▼▼▼
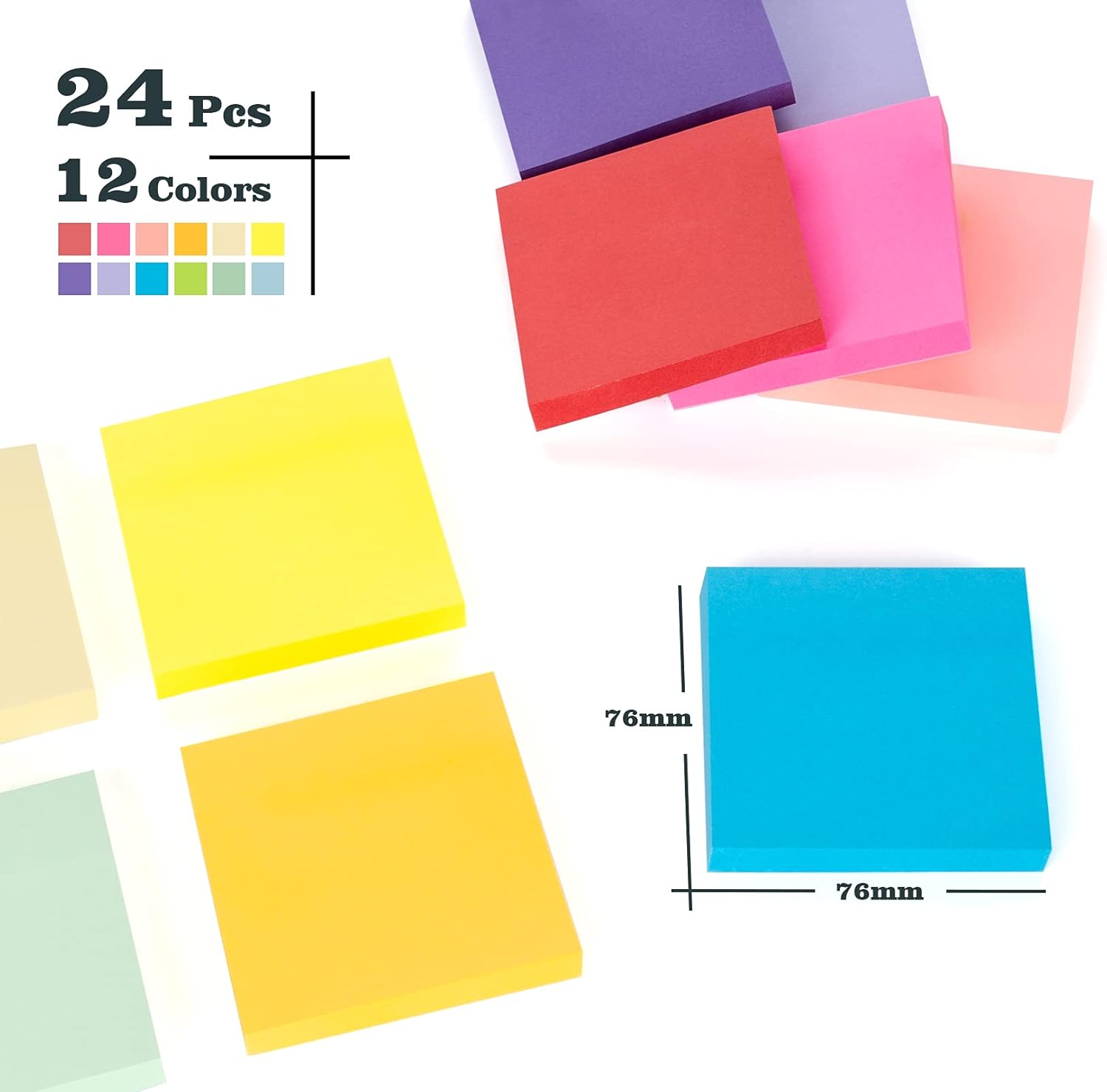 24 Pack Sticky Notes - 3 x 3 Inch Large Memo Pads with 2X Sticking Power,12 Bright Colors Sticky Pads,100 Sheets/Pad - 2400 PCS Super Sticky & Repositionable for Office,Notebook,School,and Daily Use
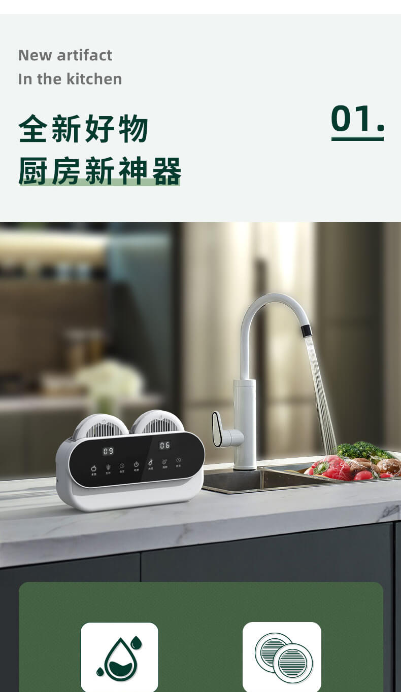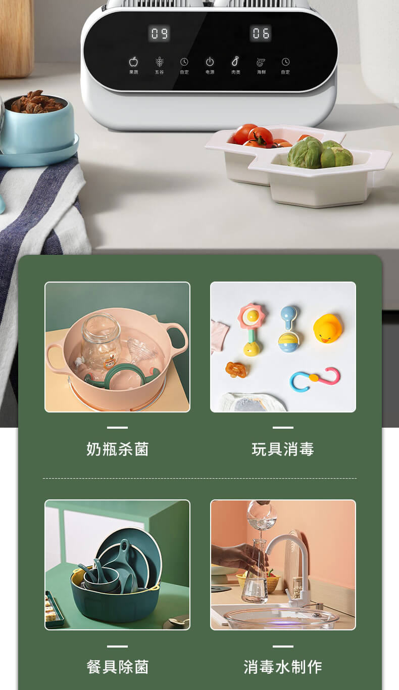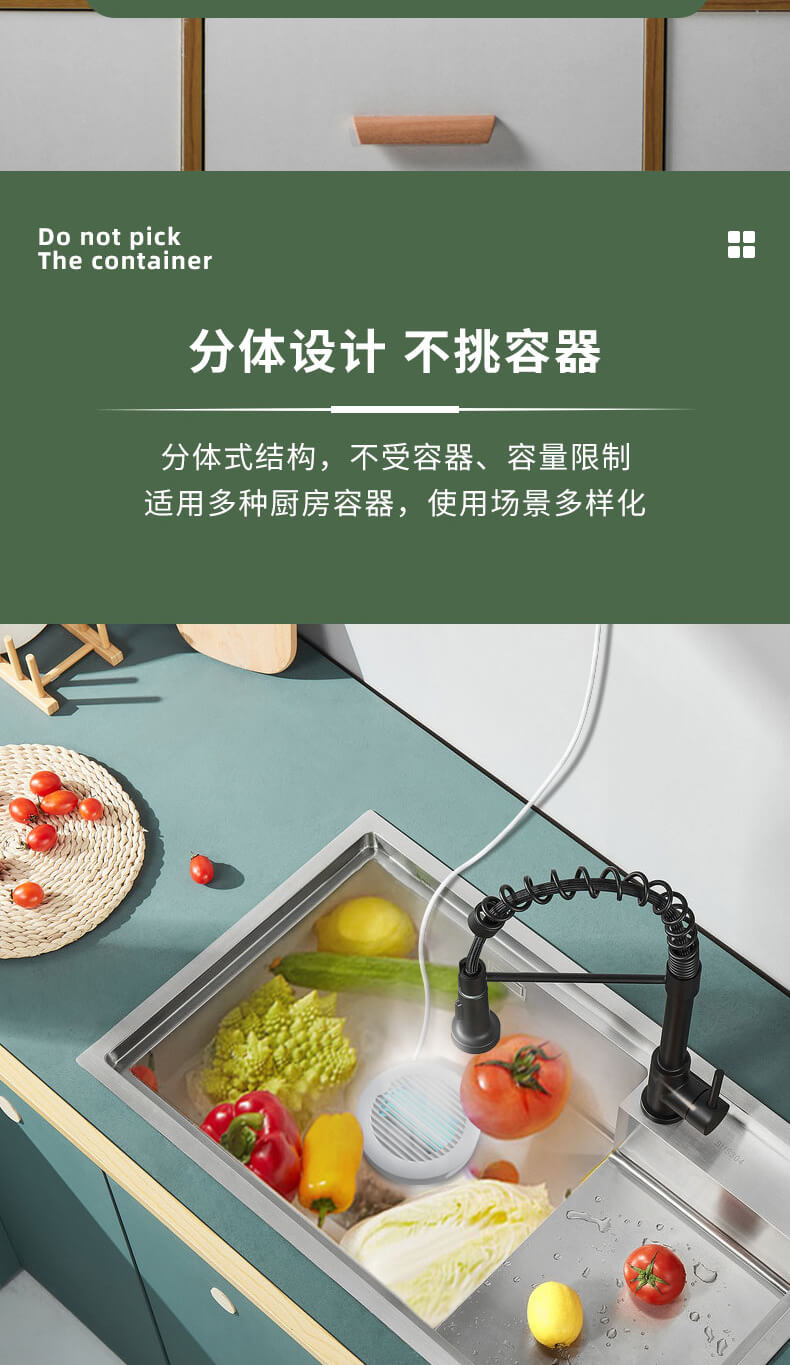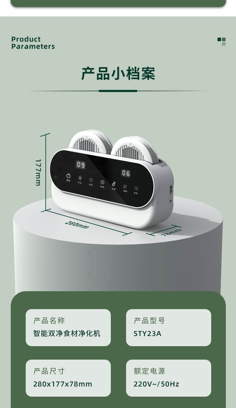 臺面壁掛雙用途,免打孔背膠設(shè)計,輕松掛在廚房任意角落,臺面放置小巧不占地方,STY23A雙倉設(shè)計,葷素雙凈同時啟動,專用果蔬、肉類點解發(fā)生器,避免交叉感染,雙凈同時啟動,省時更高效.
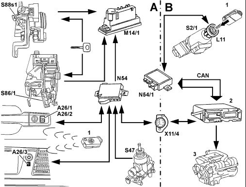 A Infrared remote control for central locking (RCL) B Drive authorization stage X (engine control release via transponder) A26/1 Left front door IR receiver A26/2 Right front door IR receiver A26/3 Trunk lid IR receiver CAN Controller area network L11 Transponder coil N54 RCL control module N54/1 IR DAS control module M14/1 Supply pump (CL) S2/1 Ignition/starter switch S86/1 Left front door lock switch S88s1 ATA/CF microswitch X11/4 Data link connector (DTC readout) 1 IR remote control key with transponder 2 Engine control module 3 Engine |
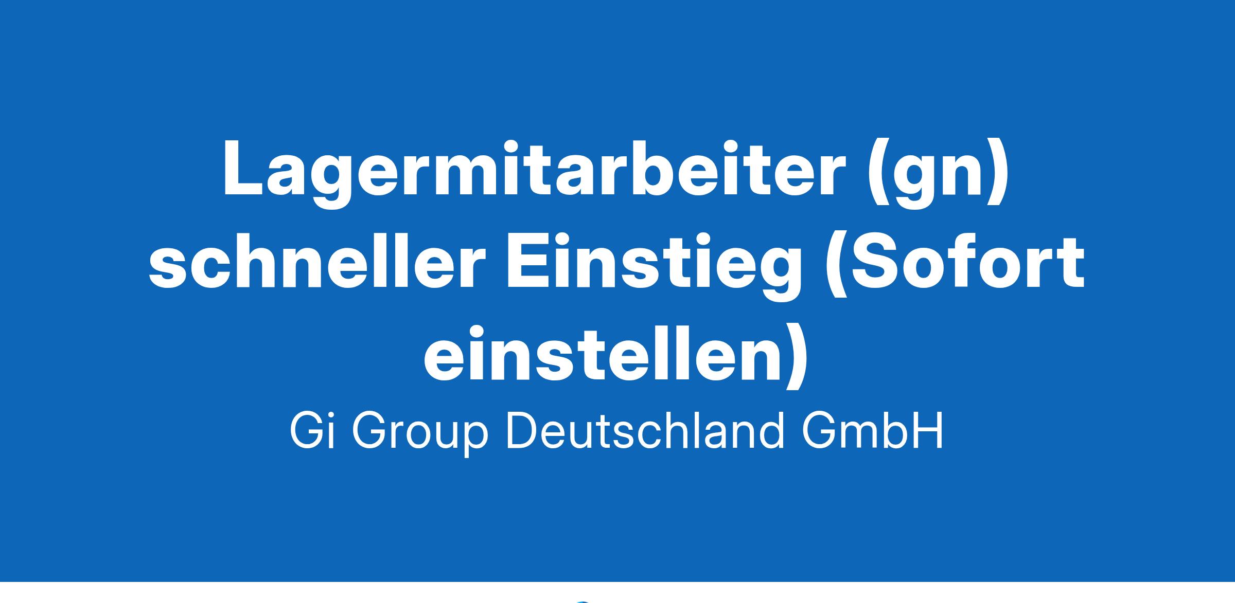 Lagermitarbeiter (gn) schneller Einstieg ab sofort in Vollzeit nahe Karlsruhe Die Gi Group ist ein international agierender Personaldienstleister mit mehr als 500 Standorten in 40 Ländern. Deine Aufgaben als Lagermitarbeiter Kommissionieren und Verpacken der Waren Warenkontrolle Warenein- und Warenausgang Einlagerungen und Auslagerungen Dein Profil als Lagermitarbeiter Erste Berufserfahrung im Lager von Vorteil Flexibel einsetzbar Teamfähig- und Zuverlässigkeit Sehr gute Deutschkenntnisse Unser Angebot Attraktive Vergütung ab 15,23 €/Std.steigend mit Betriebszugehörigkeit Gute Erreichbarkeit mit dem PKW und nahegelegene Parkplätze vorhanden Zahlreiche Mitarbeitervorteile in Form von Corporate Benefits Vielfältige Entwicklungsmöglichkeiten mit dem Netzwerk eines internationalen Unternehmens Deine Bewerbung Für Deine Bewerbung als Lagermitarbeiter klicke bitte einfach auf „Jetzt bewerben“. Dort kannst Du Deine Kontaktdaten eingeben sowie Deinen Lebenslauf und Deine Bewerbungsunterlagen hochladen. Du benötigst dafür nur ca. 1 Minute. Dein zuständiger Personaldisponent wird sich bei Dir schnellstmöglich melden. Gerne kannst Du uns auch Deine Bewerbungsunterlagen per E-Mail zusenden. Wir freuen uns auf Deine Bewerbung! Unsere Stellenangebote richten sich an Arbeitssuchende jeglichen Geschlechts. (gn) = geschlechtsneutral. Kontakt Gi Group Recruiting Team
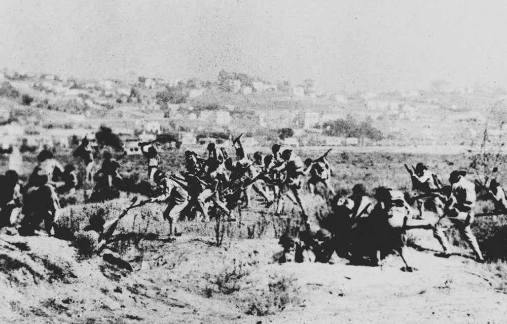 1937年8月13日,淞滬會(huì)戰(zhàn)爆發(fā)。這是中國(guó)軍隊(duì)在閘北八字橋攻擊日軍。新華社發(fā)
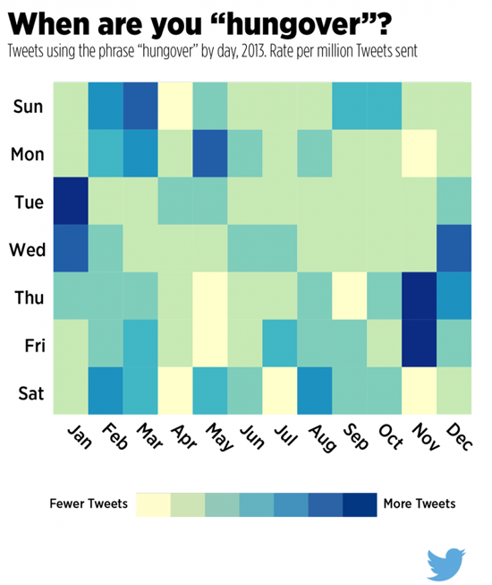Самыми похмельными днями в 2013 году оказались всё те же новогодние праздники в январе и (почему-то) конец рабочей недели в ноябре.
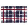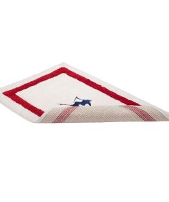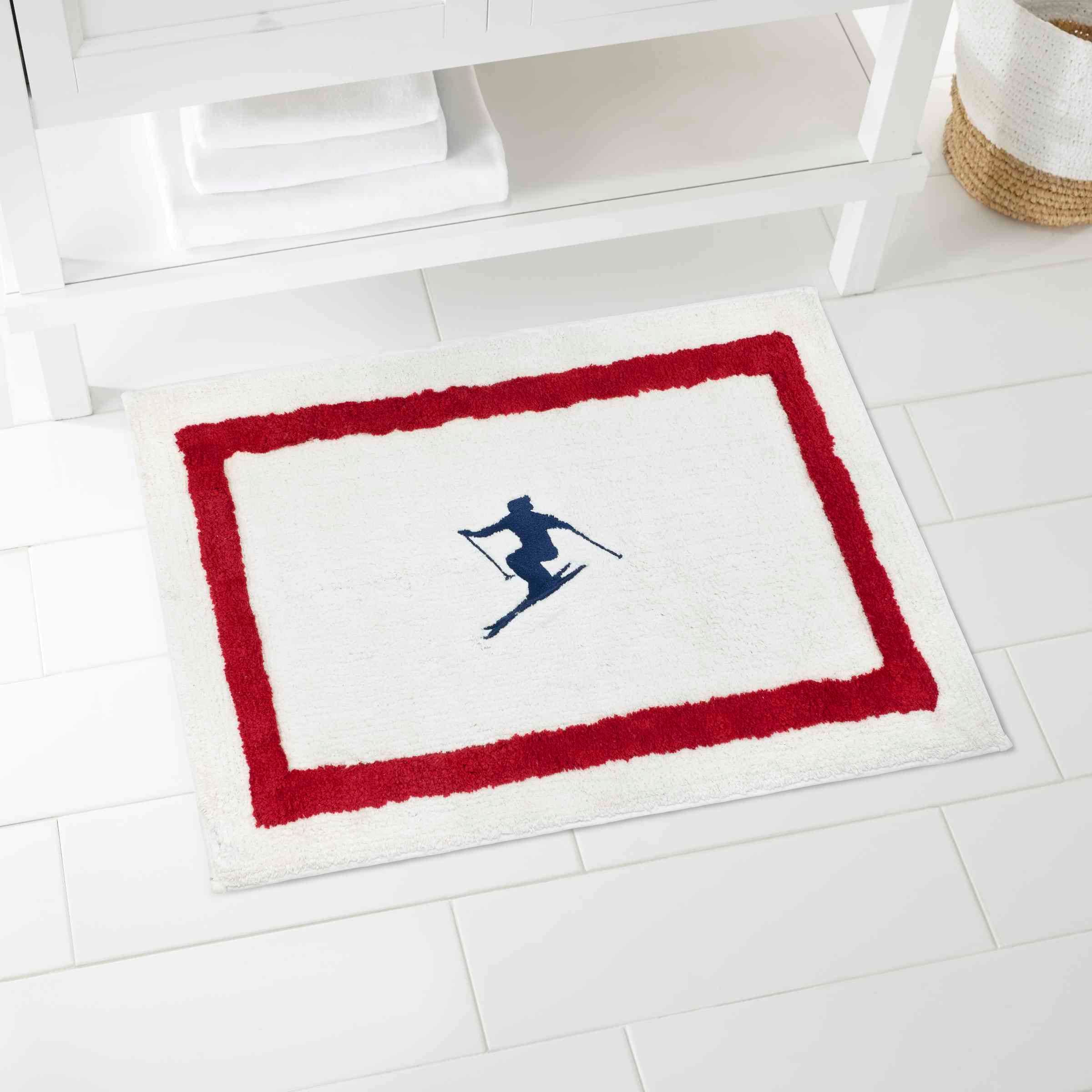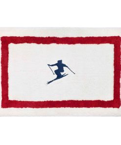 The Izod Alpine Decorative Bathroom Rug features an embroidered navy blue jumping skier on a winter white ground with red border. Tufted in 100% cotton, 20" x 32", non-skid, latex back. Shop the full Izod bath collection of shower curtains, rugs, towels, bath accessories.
▲▲▲
» **ASSIGNMENT**: From the first line through the line with "臺面壁掛雙用途,免打孔背膠設", output those lines of the entries above exactly, and nothing else, with the pictures left out.

» **TASK RESPONSE**:
 24 Pack Sticky Notes - 3 x 3 Inch Large Memo Pads with 2X Sticking Power,12 Bright Colors Sticky Pads,100 Sheets/Pad - 2400 PCS Super Sticky & Repositionable for Office,Notebook,School,and Daily Use
 臺面壁掛雙用途,免打孔背膠設(shè)計,輕松掛在廚房任意角落,臺面放置小巧不占地方,STY23A雙倉設(shè)計,葷素雙凈同時啟動,專用果蔬、肉類點解發(fā)生器,避免交叉感染,雙凈同時啟動,省時更高效.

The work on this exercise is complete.